Sebagai contoh, di masa lalu, sepasang pengantin yang menjalani upakara ‘biakaon’
diwajibkan untuk melakukan salah satu ‘brata penyepian’ yaitu tidak diperbolehkan
bepergian ke lain desa, harus berdiam di rumah selama 3 hari setelah menjalani upakara
‘biakaon’ tersebut.

Saya sendiri di masa kecil pernah ‘mabrata nyepi diri’ tidak boleh ke dapur selama 3 hari
dan semua makanan diambilkan oleh ibu saya setelah menjalani ‘upakara Tubah’
(Matubah). ‘Tubah’ adalah semacam ‘prayascita alit’ (penyucian buana alit) ditujukan
bagi orang Bali yang hari kelahirannya tergolong ‘berat’.
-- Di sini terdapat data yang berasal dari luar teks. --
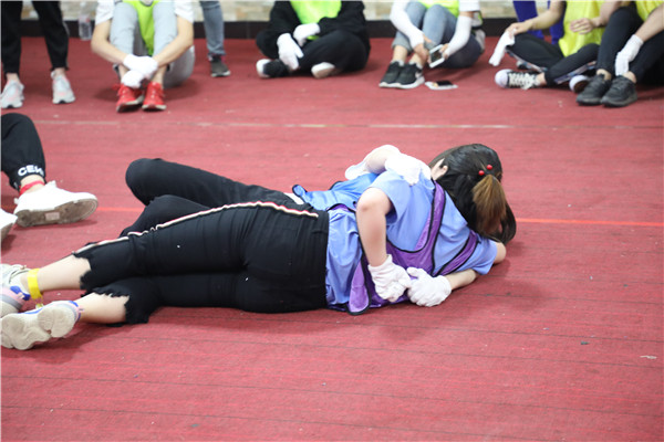 派出6名成員進(jìn)行參賽,將5米的長(zhǎng)“布條”纏到身上,然后迅速跑至對(duì)面隊(duì)友處,在不用手的前提下,將"布條”纏到隊(duì)友身上,以此類(lèi)推,直至最后一名隊(duì)友完成即可,用時(shí)最短隊(duì)伍獲勝。轉(zhuǎn)圈的時(shí)候倒是很忘我,可轉(zhuǎn)完倒地者也比比皆是!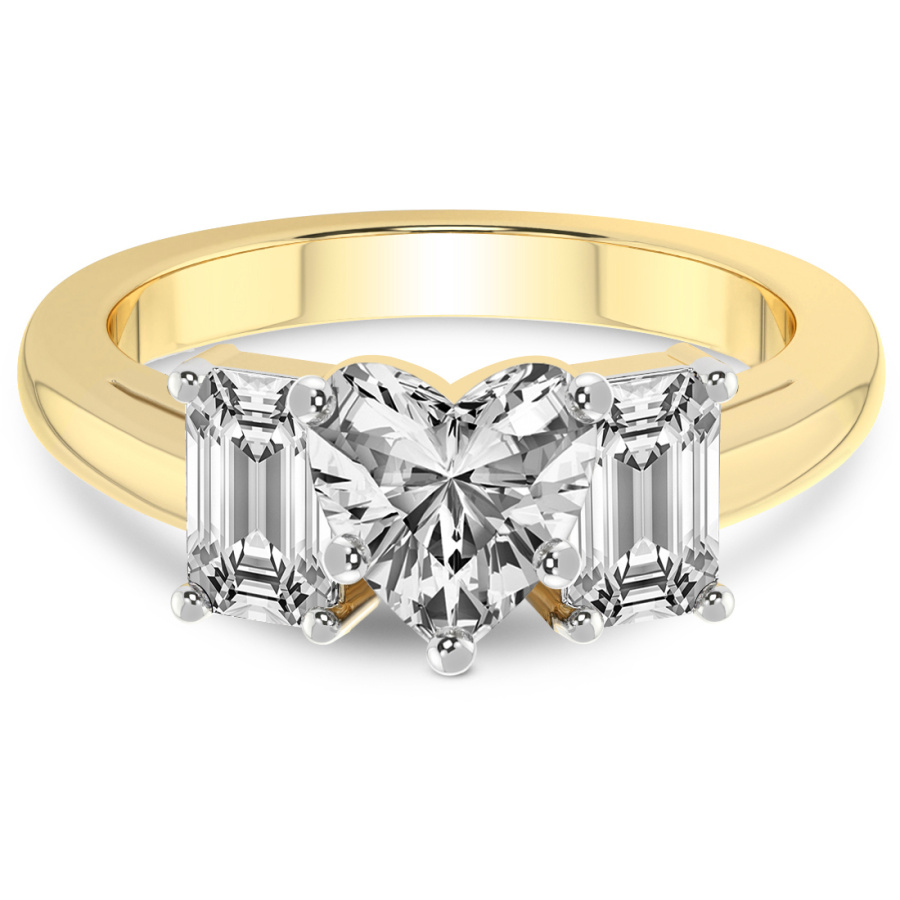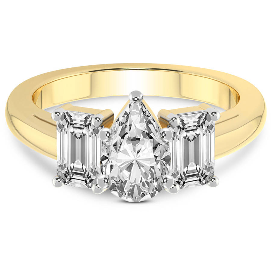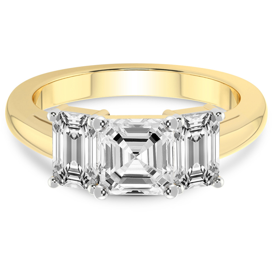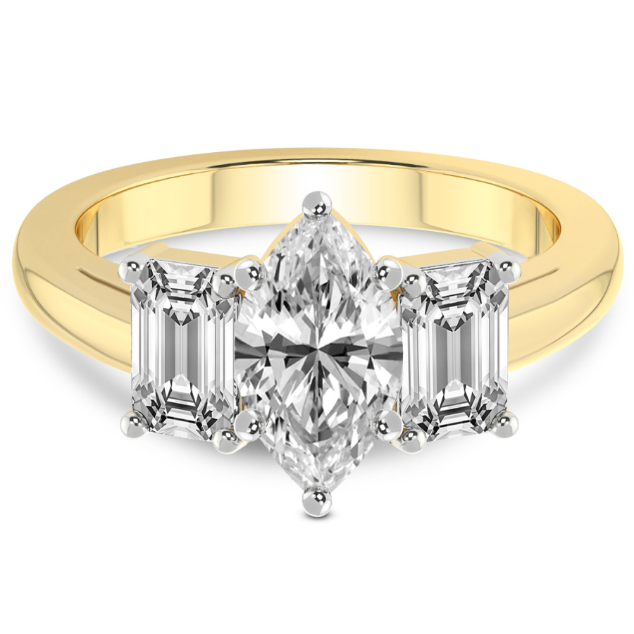 This Aubrey Three stone Side Emerald Lab Diamond Ring is a Oval shape ring Engagement type 18k Yellow Gold

Berdiam diri di rumah (amati lelungan) diiringi doa serta ikhtiar penyucian diri itu
disebut masekeb (mengurung diri secara lahir batin), bisa juga disebut sebagai ngeka-
brata (Eka Brata).

Begitulah ‘panyepian’, ia adalah ‘ruang terbuka’ yang memberikan ‘instrumen magi’ bisa
bekerja dengan ‘efektif’. Secara filosofis ini adalah ruang atau jeda untuk merenung.
Ruang dimana kita khusuk-masuk ke dalam kontemplasi diri.
Brata penyepian tahun baru Śaka, disamping menjadi jeda untuk bekerjanya magi dari
upakara Tawur dan Caru, diharapkan juga menjadi ruang kontemplasi bersama
merenungkan diri sendiri, lingkungan dan Ibu Pertiwi. (SL)

— *Catatan Harian Sugi Lanus, 27 Maret 2017*.